Spyware and viruses can make some connections as well so it may not be someone connected to you, but it might be something on your computer such as a virus or a spyware making an outgoing connection.

The fact that most people are on broadband connections makes tracking someone down via IP harder as well. With connections such as cable or dsl there is two things happening.

1. There is a lease on your IP address defined by your Internet Service Provider, for example 3 days is mine. That means every 3 days the IP address I have expires and I am issued a new one.

2. Your IP address is actually Natted through your ISP.
This means that the IP address you are getting is on thier local network and outside thier network your IP actually is represented as an public IP address. This complicates things more.

LEOS GOT YOUR COMPUTER>>>>>>NOW WHAT?

This is what happens when they come get your computer. They have a warrant to search the contents of the computer for anything "incriminating". They will do a basic search opening files and looking at historys and pictures. They will not be doing any "Forensic" looking at this point.

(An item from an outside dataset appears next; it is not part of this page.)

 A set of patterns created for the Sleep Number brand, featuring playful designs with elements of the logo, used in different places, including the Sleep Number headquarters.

9 times out of 10 if they find nothing in this "look see" that will be the end of it and it will go no further. WHY?

Well because local law enforcement does not have the equipment to do a "bit level" investigation of the drive contents, They have to send it to a company to look at the drive at the "bit level". These companies charge very heavily for these investigations. The kicker is that they get paid wether they uncover 1000MB or none at all. Thats why the LEO agency has to weigh the importance of it. (Example: The last drive i sent to a forensic data recovery company cost me 9,000.00. and I got 1 file recovered)

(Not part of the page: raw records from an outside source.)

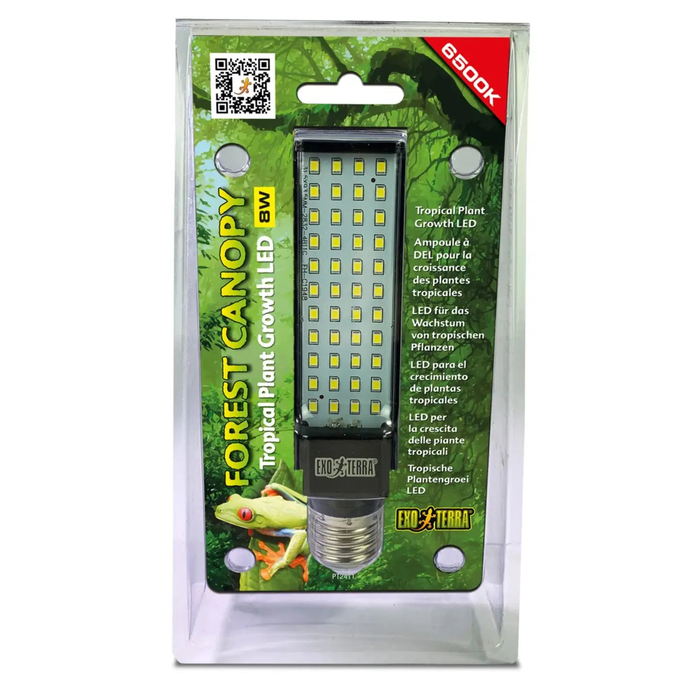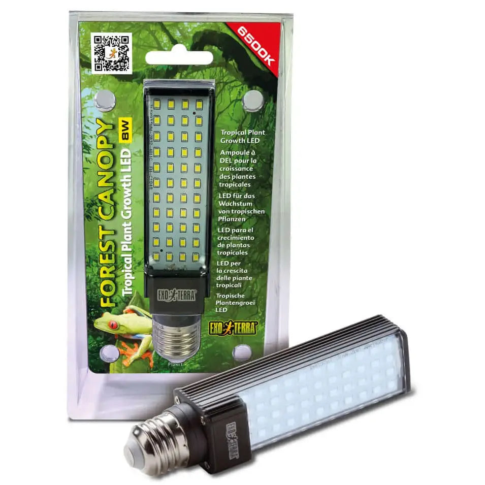 Exo Terra's energy efficient, self-ballasted and screw-based Forest Canopy is an ideal light source for bio-active planted terrariums. Its high visible light levels contribute to the physiological well-being of your reptiles, amphibians and invertebrates and lets them experience and perceive the colours in their environment more naturally. The Forest Canopy's specific composition of wavelengths in combination with the high light intensity contributes significantly to sustained, lush plant growth. The Forest Canopy's 6500K simulates the unfiltered sunlight conditions in the Tropical Forest Canopy and Orchids, Bromeliads, Tillandsias (air plants), carnivorous plants, mosses and lichen living in the upper layers of the forest thrive under its strong Photosynthetic Active Radiation. Its wavelengths, composed of blue, green, red and even traces of far-red regulate a healthy growth rate and colouration of the leaves, stems, and roots and even promote flowering. The base of the lamp can be rotated at a 300-degree angle to direct the wide beam of light to a specific area in the terrarium where lush plant growth is desired.
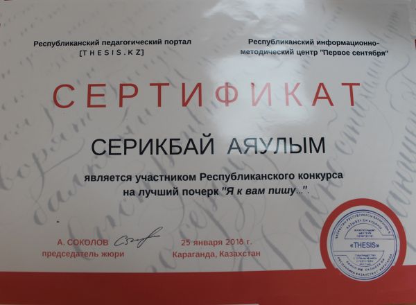 5 «А» сынып оқушысы Серікбай Аяулымды Республикалық ақпараттық-әдістемелік «Бірінші қыркүйек» орталығынан жүлделі сертификат алуымен құттыктаймыз!
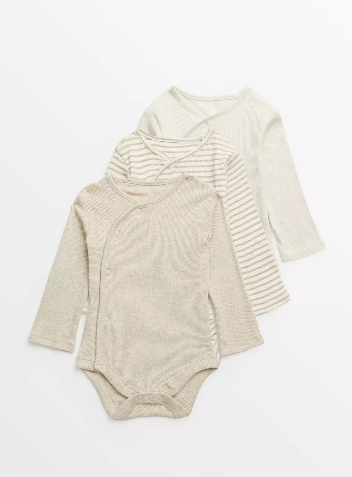 In a handy pack of 3, our bodysuits come in a variety of designs elevated by oatmeal shades. This pack includes 1 oatmeal stripe, 1 oatmeal and 1 light beige bodysuit. Crafted from cotton, they’re a cute and comfy addition to their mini collection.
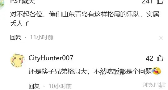 “抱歉诸君,俺们山东青岛有这样步地的乐队,实属丢东说念主了”;“还是筷子昆季步地大,否则吃饭都是个问题。”
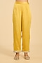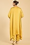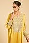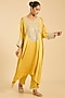 Featuring a mustard kaftan in striped tissue base with geometric yoke and marodi hand embroidery. It is paired with straight pants. Accentuate it with polki jewellery and block heels for festive occasions, haldi or pooja ceremony.
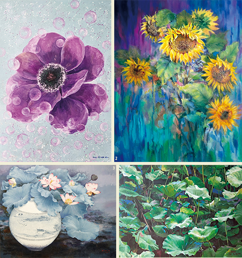 1. 임승녀 作_완전한사랑_90.9x65.1cm_Oil on canvas 2. 유해랑 作_해바라기_91.0x72.7cm_Oil on canvas 3. 이명임 作_추억이 핀 꽃_90.9x72.7cm_Oil on canvas 4. 이경희 作_연_90.5x60.5cm_Oil on canvas
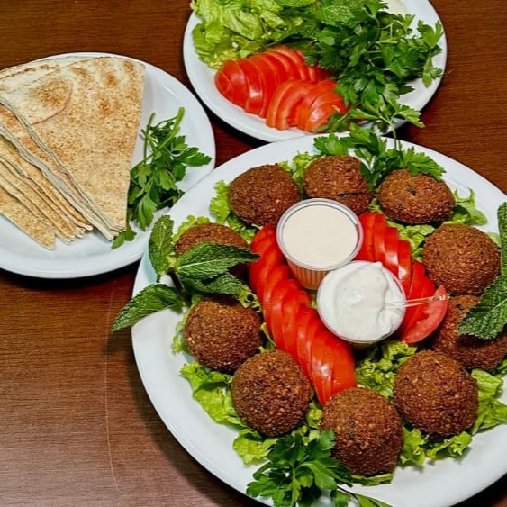 Pão Libanes, bolinhos de falafel VEGANO , salsinha, tomate, alface e tahine.
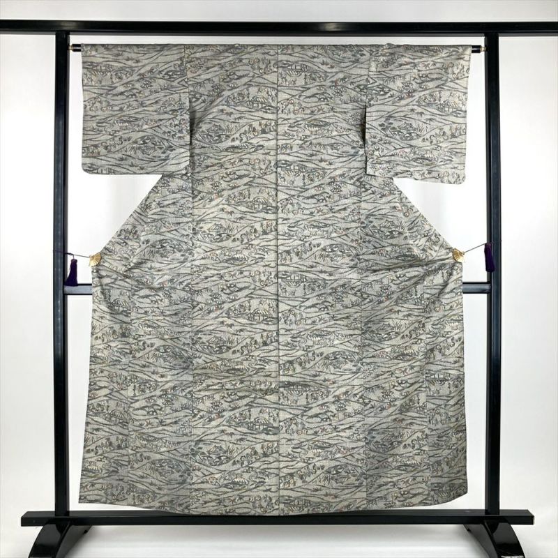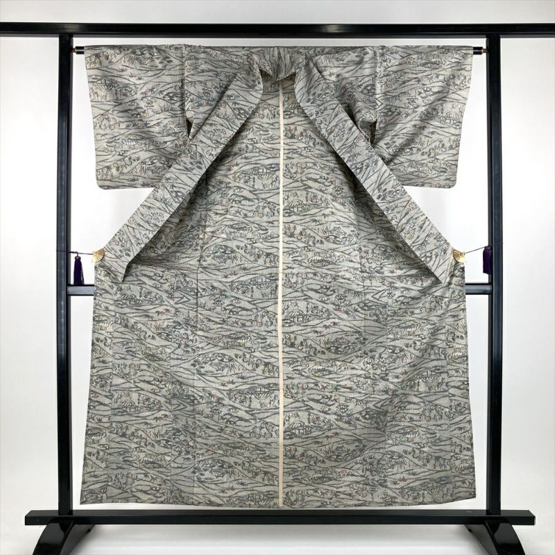 (中古) 単衣紬 グレー 薄灰色 カジュアル 織り 里山の景色 ひとえ SS【身丈】154cm【裄丈】64cm
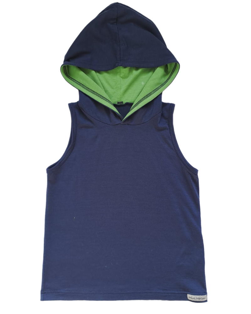 Size 7/8 Navy Merino Sleeveless Hoodie
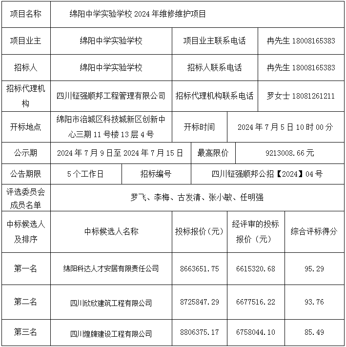 “绵阳中学实验学校2024年维修维护项目”评审结果公示
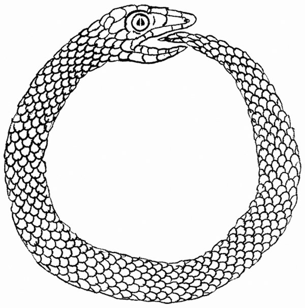 Front cover hand-stamped with a circular snake and signed by artist Lauren Drescher
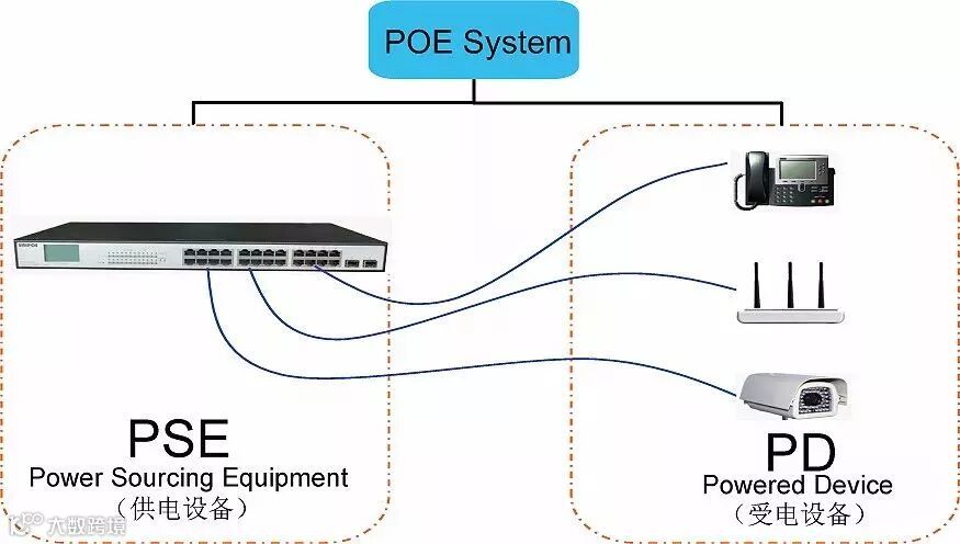 PoE系统包括两部分,供电设备(PSE)和受电设备(PD),PoE供电过程需PD跟PSE通过沟通握手成功后,PSE才能会给设备供48V的直流电。

If anything is found on the "look see" there is a high probability of them incurring the cost to dig deeper. The weight of the case also has alot to do with it... If there is no sales or distribution, or conspiricy involved then the cost would not be worth it to the state,,,,

The whole point of this is calm down, have fun, grow and POST. Dont worry about LEO's monitoring the site because thats about all they can do. Do not give out any personal information or identify yourself in any way and you can pretty much say anything you want safely.

I would keep a good regimen of computer housekeeping as well. Regualarly clean out your temporary internet files. Take pictures off your computers (the ones that could be damaging to you) and keep them on CD somewhere, instead of your computer.

If anyone has any tech related questions please feel free to ask me.

Hope this helps......:p
 
New_2_Chronic said:
I am an IT professional with over 15 years of Technology experince. I build and secure networks wordwide. I also conduct e-discovery and forensic data retrieval and wanted just to throw out some info on the myths I have been seeing here.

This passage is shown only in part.